The sad point is that there does not have to be a great deal of total ammonia to create havoc in a pond and the higher the temperature of the water the less there needs to be even when the pH is constant.

I came across the following table on the internet which shows clearly the potential problem in an aquarium. In the table below the figures relate to the maximum long term level of ammonium or ammonia in mg/litre or parts per million (ppm) depending on pH as discussed above.

  Water temperature degrees C

pH

20 deg

25 deg

6.5

15.4

11.1

7.0

5.0

3.6

7.5

1.6

1.2

8.0

0.5

0.4

8.5

0.2

0.1

This table indicates what was said above namely as pH climbs then hardly any ammonia can be tolerated if fish health is to be the prime consideration.
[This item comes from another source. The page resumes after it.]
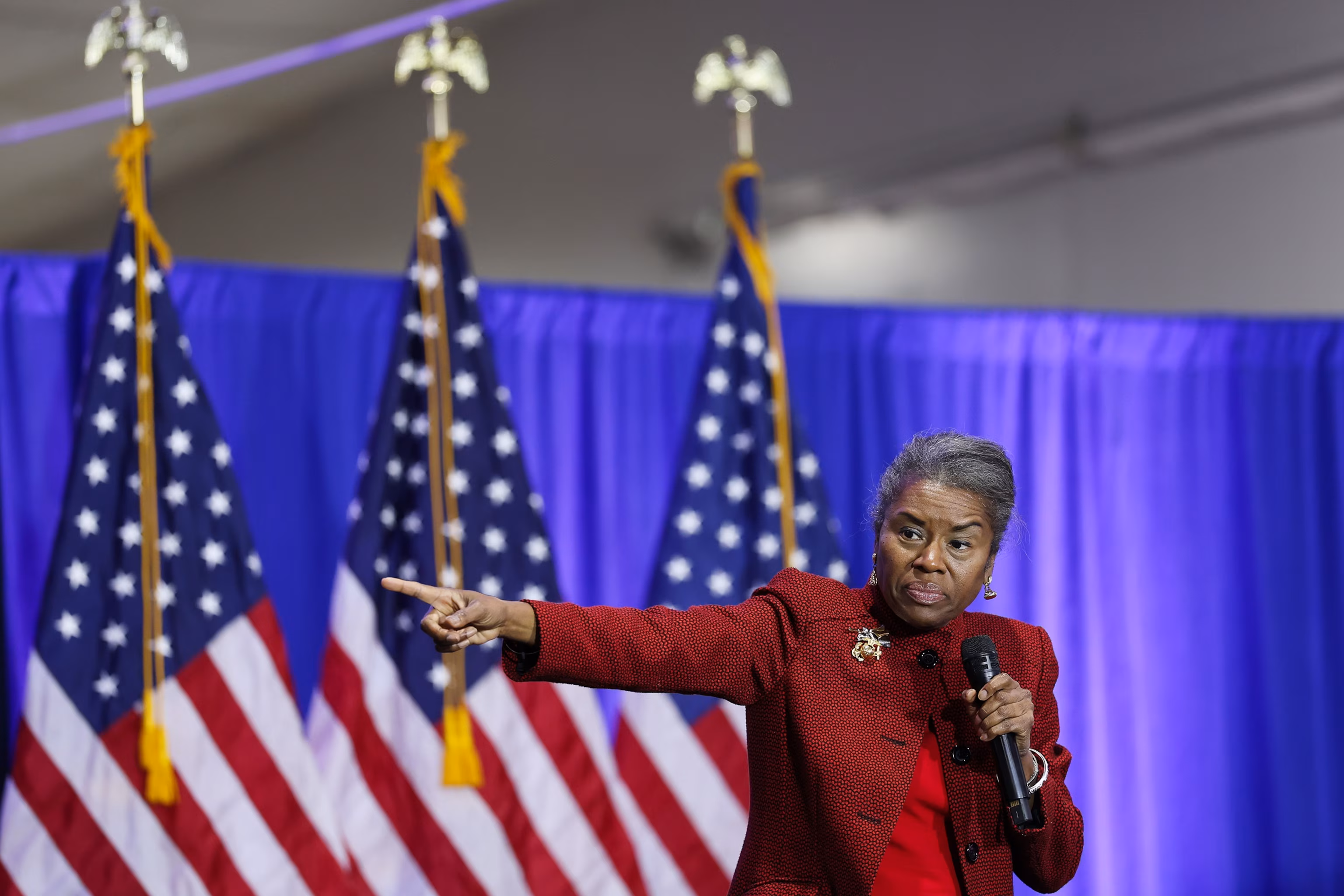 HARRISONBURG, VIRGINIA – OCTOBER 30: Virginia Republican gubernatorial candidate Winsome Earle-Sears speaks during a campaign event at the Rockingham County Fair on October 30, 2025 in Harrisonburg, Virginia. Earle-Sears’ campaign continues to travel across the state of Virginia ahead of the Commonwealthâs off-year election for governor on November 4.Anna Moneymaker/Getty Images
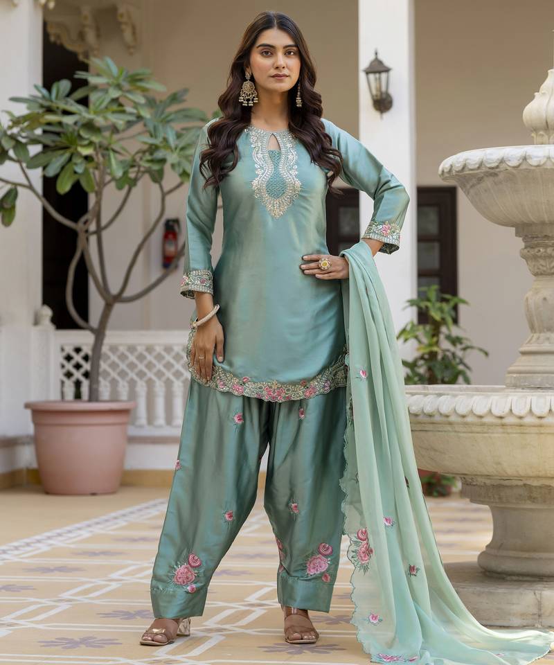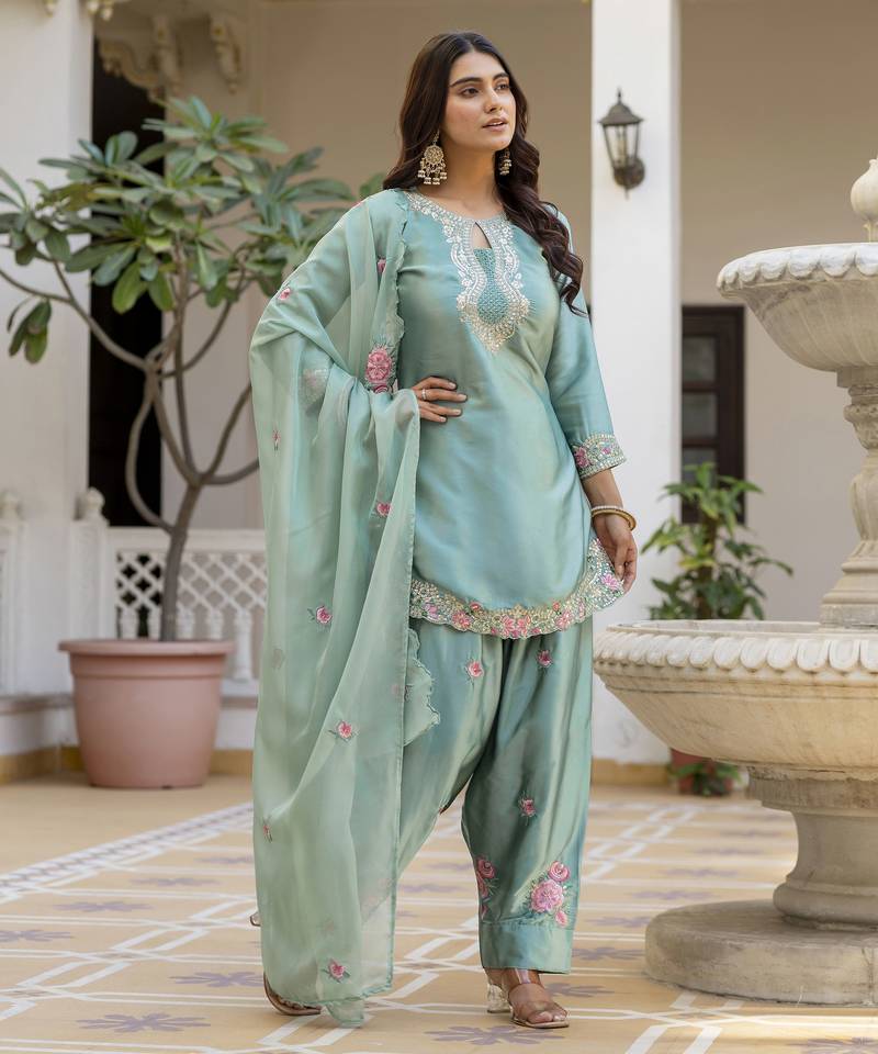 | Product Name | Turquoise Blue Embroidered Japan Satin Stitched Kurti Set With Dupatta & Patiyala Pant | |

In practice every pond keeper must strive to obtain no measurable ammonia and/or ammonium in the pond on an ongoing basis.

At this stage I would like to point out that pH levels of 9 are not uncommon in ponds when there is a large amount of algae present and the water lacks what is called alkalinity. This is the subject of another article on water quality. Suffice to indicate large algae blooms are potentially dangerous to fish because they can cause sudden and severe increases in pH. This is another reason for installing an UV light even in the best koi ponds with excellent biofiltration.

Koi food becomes koi poison

Gerry Preston who writes superb articles on koi keeping in the UK magazine Nishikigoi International calculated that between 3 and 4% of the dry food fed to koi becomes ammonia which is secreted by the koi into the pond water. Gerry also showed that immediately after feeding ammonia levels tend to be at their maximum. In addition he also showed that it is better to feed little and often rather than a lot at once in view of this "spiking" of ammonia levels.

All however is not doom and gloom (just that it can be and this is what I have wanted to show in this article). The solution to this potentially disastrous situation of ammonia poisoning is the installation of a well designed biofilter big enough to cope with the existing fish density and also the future stock density that will arise from the fish growing.

To finish off the article it is worth pointing out that the nitrogen contained in the ammonia actually sticks around in the pond water and is quite difficult to get rid of. An installed biofilter however creates a situation whereby the ammonia is transformed first into nitrites and then into nitrates. This series of reactions is referred to as the nitrification cycle. Nitrification can only take place in the presence of specific bacteria accompanied by large amounts of oxygen. More about this in later articles.